▶ [Supplied information]:
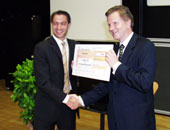 Nestlé-Generaldirektor Dr. Wolfgang H. Reichenberger gratuliert dem Preisträger Dr. Kourosh Bahrami.Gestern Abend konnte Nestlé-Generaldirektor Dr. Wolfgang H. Reichenberger dann den Sieger des diesjährigen Nestlé-Preises verkünden: Dr. Kourosh Bahrami von der Wirtschaftsuniversität Wien setzte sich am Ende gegen harte Konkurrenz aus ganz Österreich durch. Mit seiner Arbeit "Horizontale Transportlogistik - Kooperation als Synergiepotential für Hersteller kurzlebiger Konsumgüter" holte er sich das Preisgeld in der Höhe von SFr 10.000, das der Nestlé-Konzern alljährlich zur Verfügung stellt. Gleich hinter Bahrami landeten zwei Frauen: Dr. Evelyn Hayden von der Universität Wien mit der Dissertation "Modeling an Accounting-Based Rating System für Austrian Firms" und Mag. Dr. Doris Alexandra Weichselbaumer von der Universität Linz mit der Arbeit "Essays on Labor Market Discrimination". Für die Universität Innsbruck nahm Liechtensteinpreisträger Dr. Martin Kocher an der Ausscheidung teil. Die gestrenge Jury bestand aus den Dekanen aller wirtschaftswissenschaftlichen Fakultäten sowie aus Vertretern von Nestlé. Im Anschluss an die Preisverleihung wurden auch die Teilnehmer des Nestlé-Praxisseminars, die zum Thema "Turn shoppers into buyers" arbeiteten, noch ausgezeichnet.
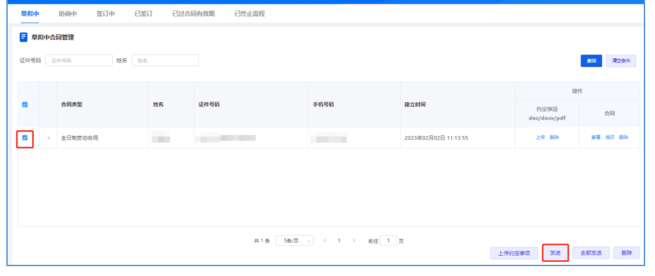 【草拟中】:是指用人单位创建劳动合同后,发送给劳动者之前的合同状态;用人单位可对草拟中的合同进行修改、删除、上传约定事项或发送、批量发送操作。
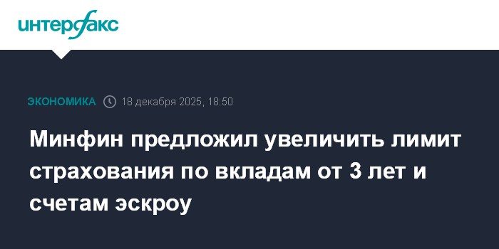 Минфин предложил увеличить лимит страхования по вкладам от 3 лет и счетам эскроу

▶ [Exercise directions]: Across all the lines above, repeat the wording exactly and omit the pictures.

▶ [Problem solution]:
 Nestlé-Generaldirektor Dr. Wolfgang H. Reichenberger gratuliert dem Preisträger Dr. Kourosh Bahrami.Gestern Abend konnte Nestlé-Generaldirektor Dr. Wolfgang H. Reichenberger dann den Sieger des diesjährigen Nestlé-Preises verkünden: Dr. Kourosh Bahrami von der Wirtschaftsuniversität Wien setzte sich am Ende gegen harte Konkurrenz aus ganz Österreich durch. Mit seiner Arbeit "Horizontale Transportlogistik - Kooperation als Synergiepotential für Hersteller kurzlebiger Konsumgüter" holte er sich das Preisgeld in der Höhe von SFr 10.000, das der Nestlé-Konzern alljährlich zur Verfügung stellt. Gleich hinter Bahrami landeten zwei Frauen: Dr. Evelyn Hayden von der Universität Wien mit der Dissertation "Modeling an Accounting-Based Rating System für Austrian Firms" und Mag. Dr. Doris Alexandra Weichselbaumer von der Universität Linz mit der Arbeit "Essays on Labor Market Discrimination". Für die Universität Innsbruck nahm Liechtensteinpreisträger Dr. Martin Kocher an der Ausscheidung teil. Die gestrenge Jury bestand aus den Dekanen aller wirtschaftswissenschaftlichen Fakultäten sowie aus Vertretern von Nestlé. Im Anschluss an die Preisverleihung wurden auch die Teilnehmer des Nestlé-Praxisseminars, die zum Thema "Turn shoppers into buyers" arbeiteten, noch ausgezeichnet.
 【草拟中】:是指用人单位创建劳动合同后,发送给劳动者之前的合同状态;用人单位可对草拟中的合同进行修改、删除、上传约定事项或发送、批量发送操作。
 Минфин предложил увеличить лимит страхования по вкладам от 3 лет и счетам эскроу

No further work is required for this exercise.